ICLR2022

Language modeling via stochastic processes

Rose E. Wang, Esin Durmus, Noah D. Goodman, Tatsunori Hashimoto

被引用 28 次

摘要

Modern language models can generate high-quality short texts. However, they often meander or are incoherent when generating longer texts. These issues arise from the next-token-only language modeling objective. Recent work in selfsupervised learning suggests that models can learn good latent representations via contrastive learning, which can be effective for discriminative tasks. Our work analyzes the application of contrastive representations for generative tasks, like long text generation. We propose one approach for leveraging constrastive representations, which we call Time Control (TC). TC first learns a contrastive representation of the target text domain, then generates text by decoding from these representations.
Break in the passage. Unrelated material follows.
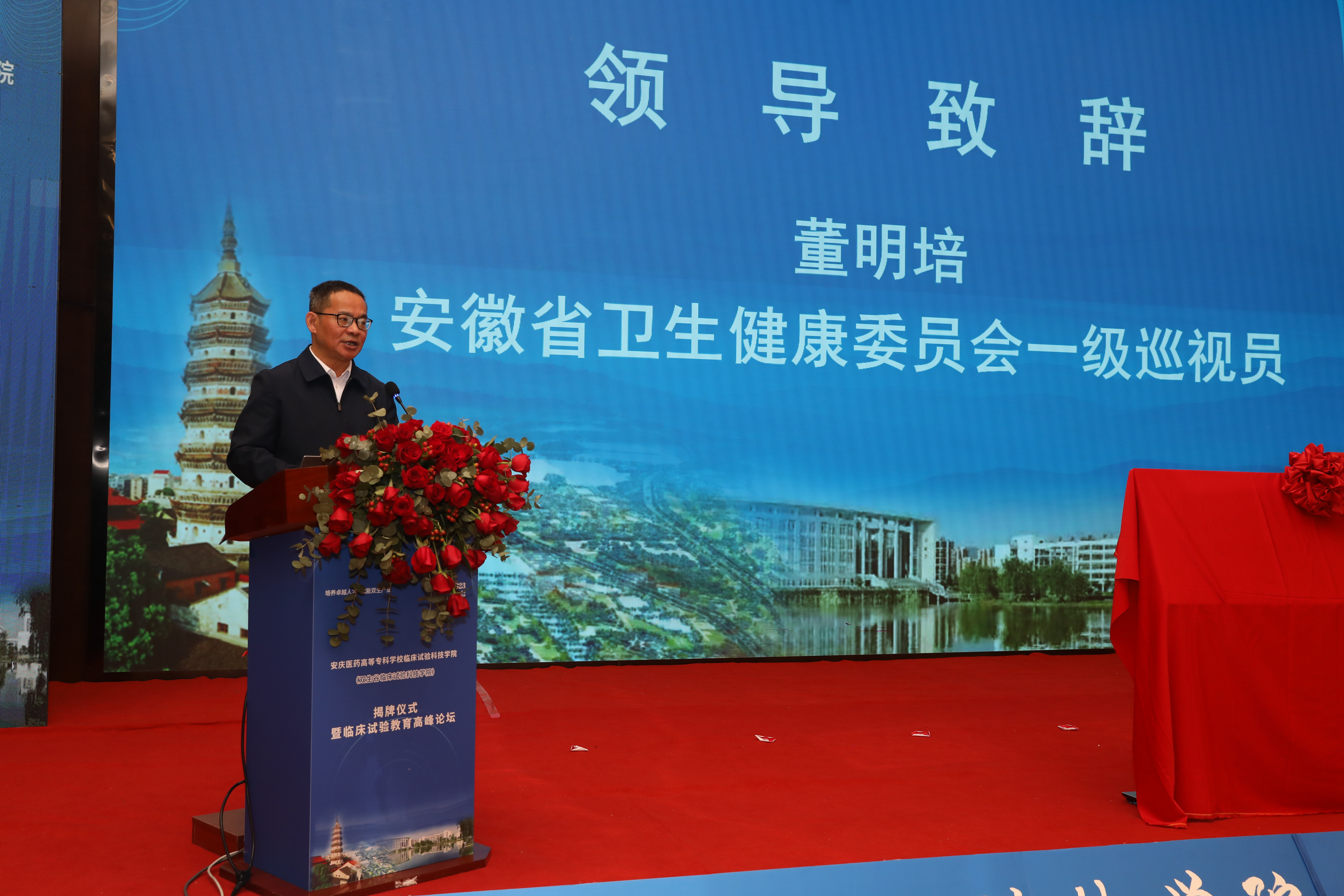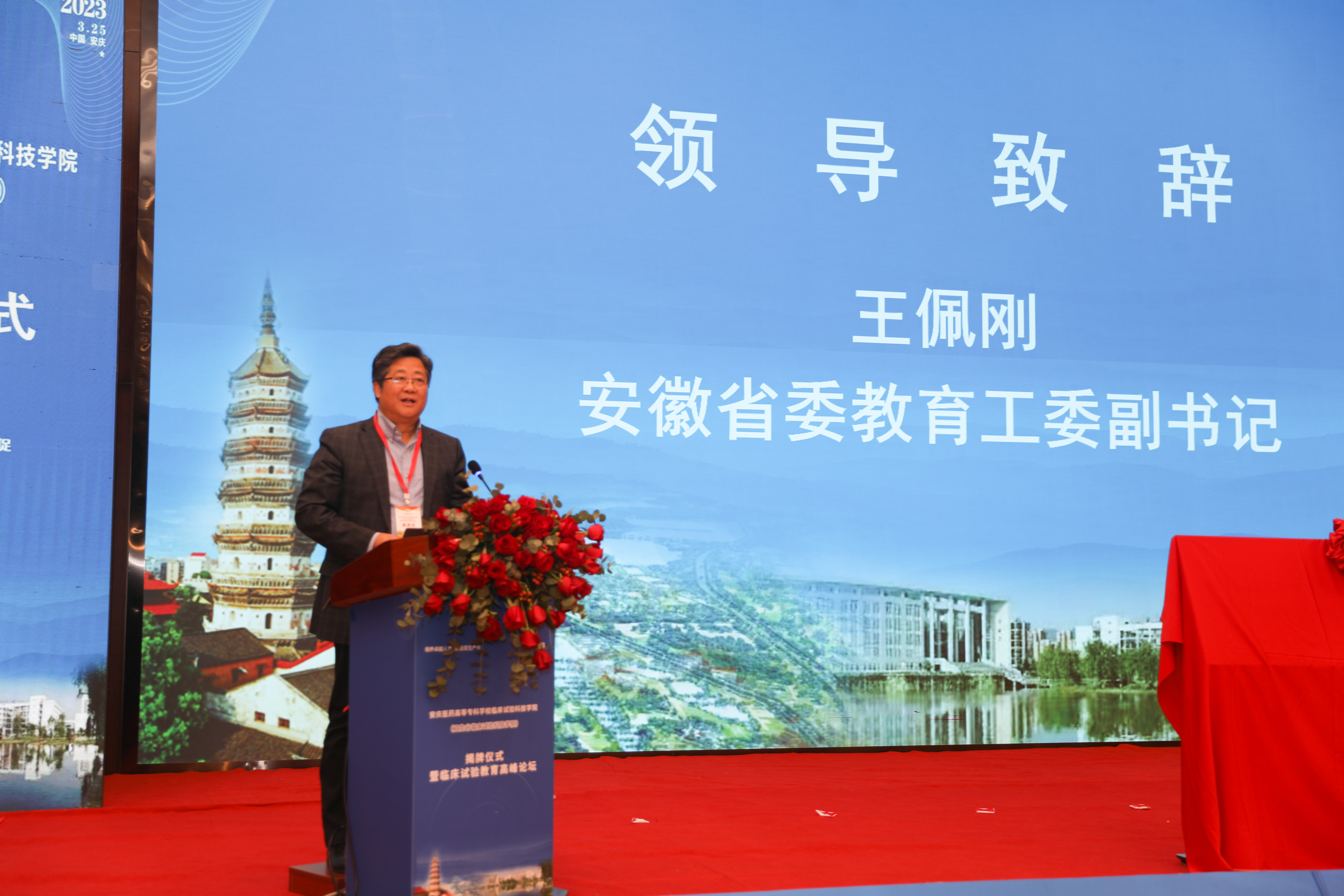 王佩剛代表安徽省委教育工委,省教育廳表示,安慶醫藥高等專科學校臨床試驗科技學院(雙生谷臨床試驗科技學院)”的成立是我省高等教育發展的一件喜事和大事,是安慶市奮力推進高等教育提質培優的重要舉措。王佩剛對臨床試驗科技學院的工作提出了三點要求,一是要把人才培養質量擺在更加突出的位置。二是要實現創新鏈、產業鏈、人才鏈的深度融合。三是要把臨床試驗科技學院辦出特色,辦出成果。王佩剛表示,省委教育工委、省教育廳將一如既往支持安慶高等教育內涵式高質量發展,大力支持醫學高等教育提高辦學層次,大力支持臨床試驗科技學院專業建設和人才培養工作。

Compared to domain-specific methods and fine-tuning GPT2 across a variety of text domains, TC performs competitively to methods specific for learning sentence representations on discourse coherence. On long text generation settings, TC preserves the text structure both in terms of ordering (up to +15% better) and text length consistency (up to +90% better) 1 . 1 Please find our code at https://github.com/rosewang2008/language_modeling_via_ stochastic_processes Correction note This is a revised version of the original ICLR 2022 paper. During post-publication code review, we discovered that the original version of the code did not leverage goal-directedness during decoding. While we still find that contrastive representations lead to gains in our evaluations, this error affects other claims made in the paper on goal-directed decoding. To correct this and help improve our understanding of goal-directed decoding, this updated version of the manuscript contains results on both goal-directed and non goal-directed baselines. We detail the difference between the original work and this updated work in Appendix H.